Every line from the one with "Burton Mens Grey" through the last line below should be repeated exactly; pictures stay out of the copy.
----- GIVEN DATA -----
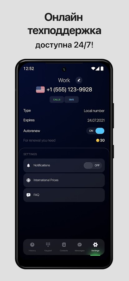 – Виртуальные номера: добавьте виртуальный номер для звонков и SMS — оставайтесь на связи в США, Канаде, Великобритании и других странах.
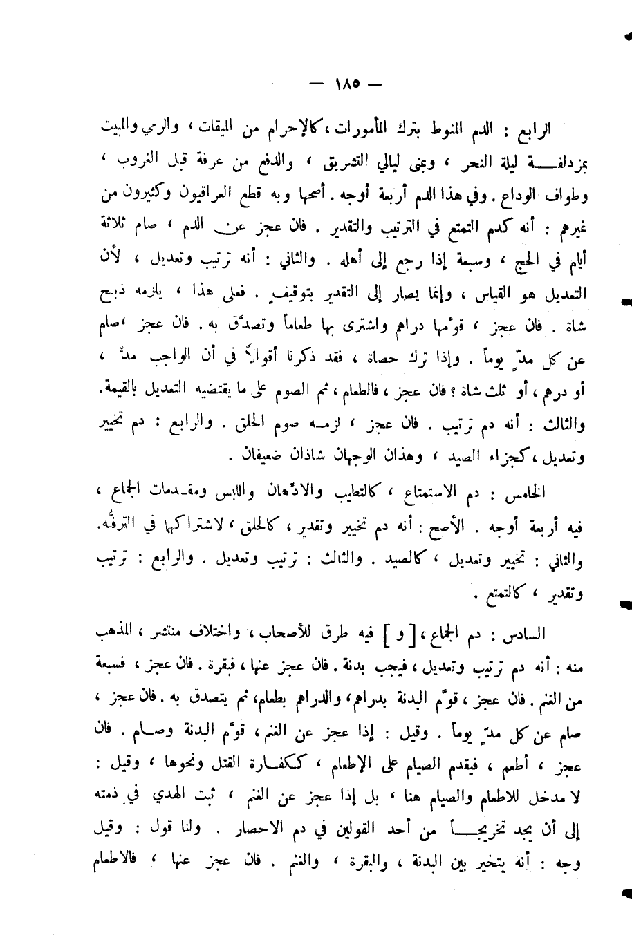 الرَّابِعُ: الدَّمُ الْمَنُوطُ بِتَرْكِ الْمَأْمُورَاتِ، كَالْإِحْرَامِ مِنَ الْمِيقَاتِ، وَالرَّمْيِ وَالْمَبِيتِ بِمُزْدَلِفَةَ لَيْلَةَ النَّحْرِ، وَبِمِنَى لَيَالِي التَّشْرِيقِ، وَالدَّفْعِ مِنْ عَرَفَةَ قَبْلَ الْغُرُوبِ، وَطَوَافِ الْوَدَاعِ. وَفِي هَذَا الدَّمِ أَرْبَعَةُ أَوْجُهٍ. أَصَحُّهَا وَبِهِ قَطَعَ الْعِرَاقِيُّونَ وَكَثِيرُونَ مِنْ غَيْرِهِمْ: أَنَّهُ كَدَمِ التَّمَتُّعِ فِي التَّرْتِيبِ وَالتَّقْدِيرِ. فَإِنْ عَجَزَ عَنِ الدَّمِ، صَامَ ثَلَاثَةَ أَيَّامٍ فِي الْحَجِّ، وَسَبْعَةً إِذَا رَجَعَ إِلَى أَهْلِهِ. وَالثَّانِي: أَنَّهُ تَرْتِيبٌ وَتَعْدِيلٌ؛ لِأَنَّ التَّعْدِيلَ هُوَ الْقِيَاسُ، وَإِنَّمَا يُصَارُ إِلَى التَّقْدِيرِ بِتَوْقِيفٍ. فَعَلَى هَذَا، يَلْزَمُهُ ذَبْحُ شَاةٍ. فَإِنْ عَجَزَ، قَوَّمَهَا دَرَاهِمَ وَاشْتَرَى بِهَا طَعَامًا وَتَصَدَّقَ بِهِ. فَإِنْ عَجَزَ، صَامَ عَنْ كُلِّ مُدٍّ يَوْمًا. وَإِذَا تَرَكَ حَصَاةً، فَقَدْ ذَكَرْنَا أَقْوَالًا فِي أَنَّ الْوَاجِبَ مُدٌّ، أَوْ دِرْهَمٌ، أَوْ ثُلُثُ شَاةٍ؟ فَإِنْ عَجَزَ، فَالطَّعَامُ، ثُمَّ الصَّوْمُ عَلَى مَا يَقْتَضِيهِ التَّعْدِيلُ بِالْقِيمَةِ. وَالثَّالِثُ: أَنَّهُ دَمُ تَرْتِيبٍ. فَإِنْ عَجَزَ، لَزِمَهُ صَوْمُ الْحَلْقِ. وَالرَّابِعُ: دَمُ تَخْيِيرٍ وَتَعْدِيلٍ، كَجَزَاءِ الصَّيْدِ، وَهَذَانِ الْوَجْهَانِ شَاذَّانِ ضَعِيفَانِ.
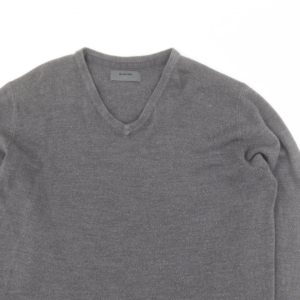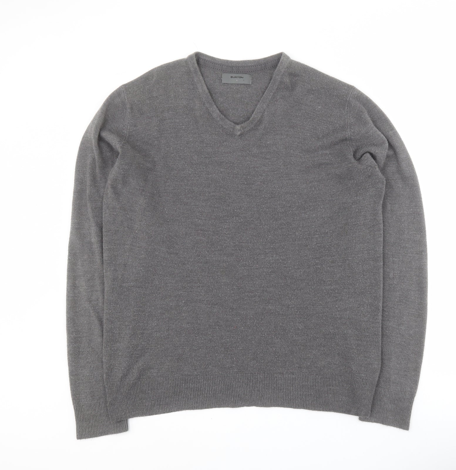 Burton Mens Grey V-Neck Acrylic Pullover Jumper Size L
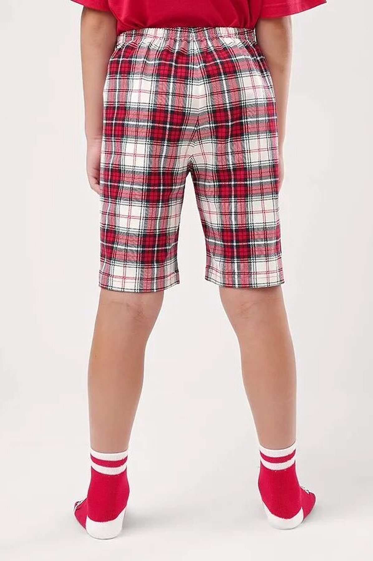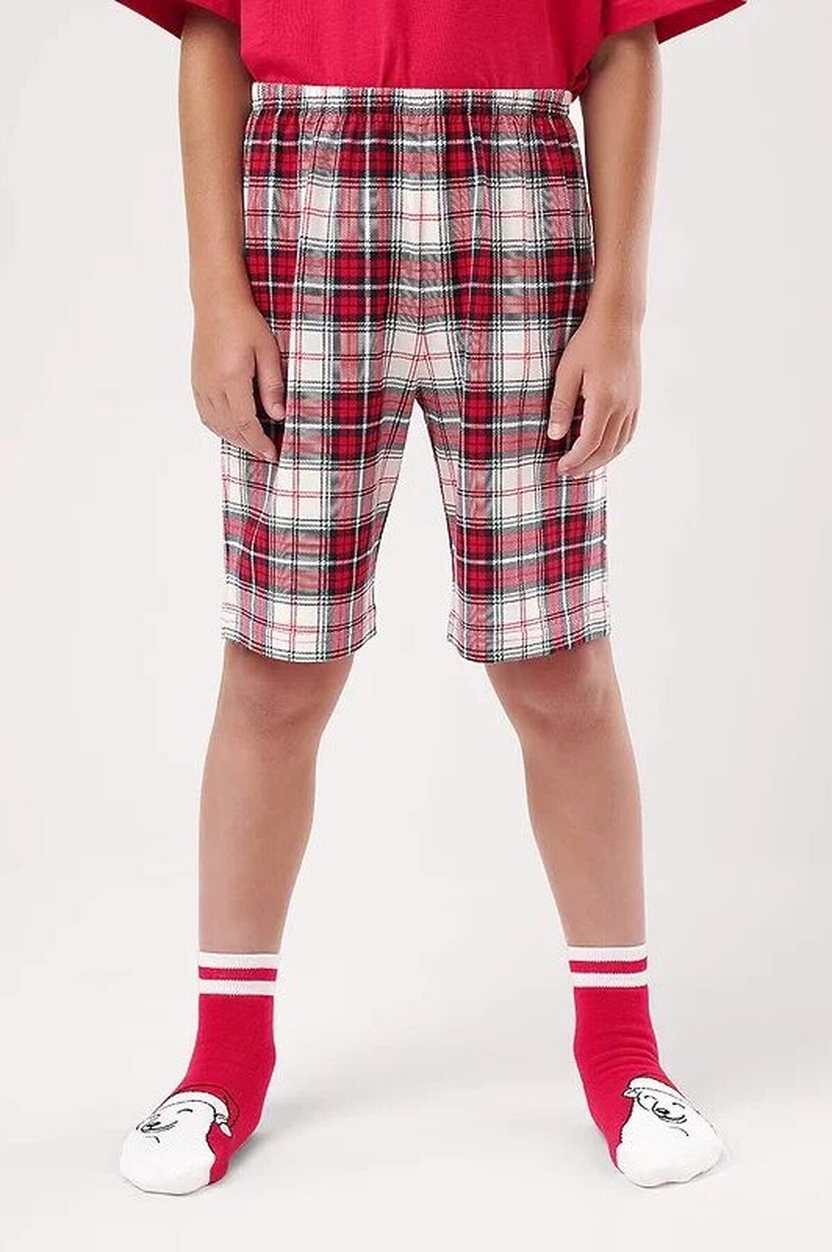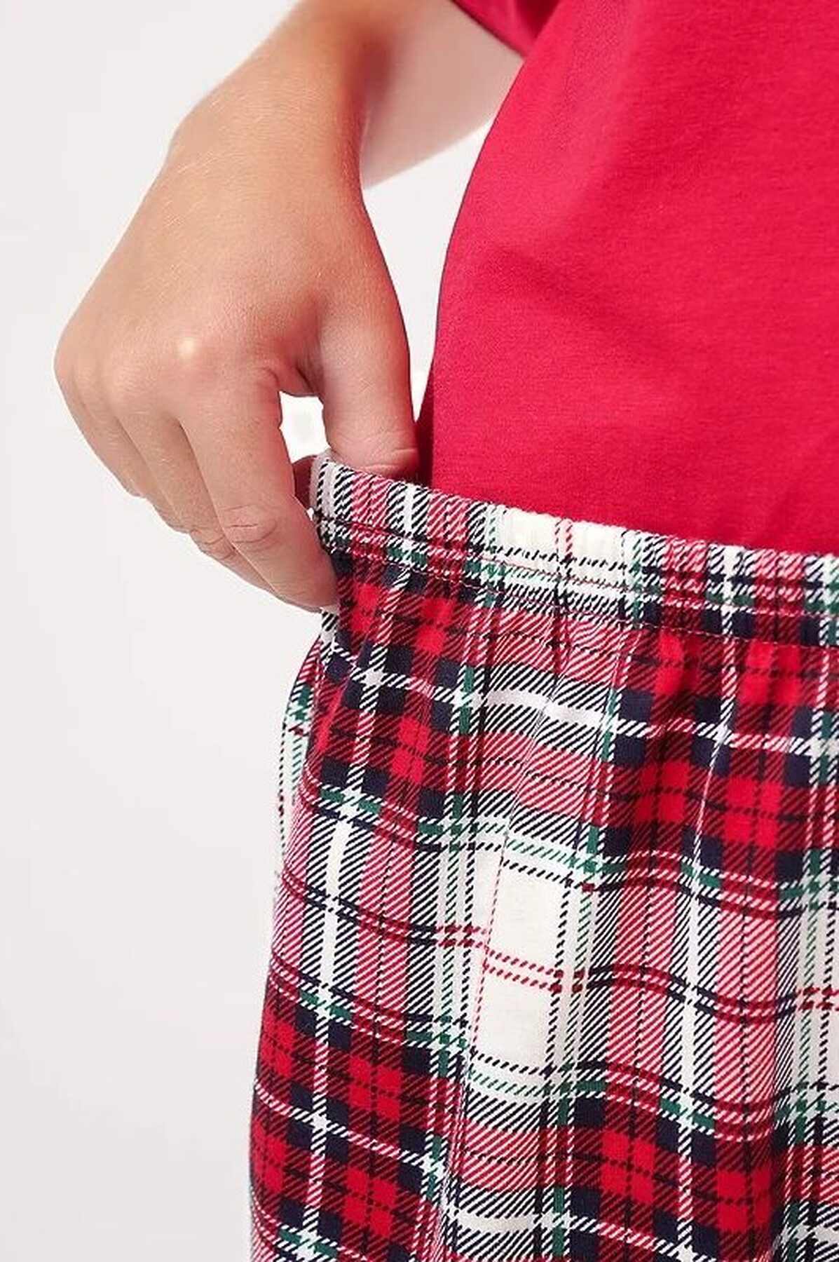 Новогодняя пижама для подростков, состоящая из футболки и шорт. Стильная футболка свободного кроя дополнена оригинальным принтом. Шорты прямые средней длины с эластичным удобным поясом, выполнены из хлопкового полотна в клетку.
-----
**TASK RESULT:**
 Burton Mens Grey V-Neck Acrylic Pullover Jumper Size L
 Новогодняя пижама для подростков, состоящая из футболки и шорт. Стильная футболка свободного кроя дополнена оригинальным принтом. Шорты прямые средней длины с эластичным удобным поясом, выполнены из хлопкового полотна в клетку.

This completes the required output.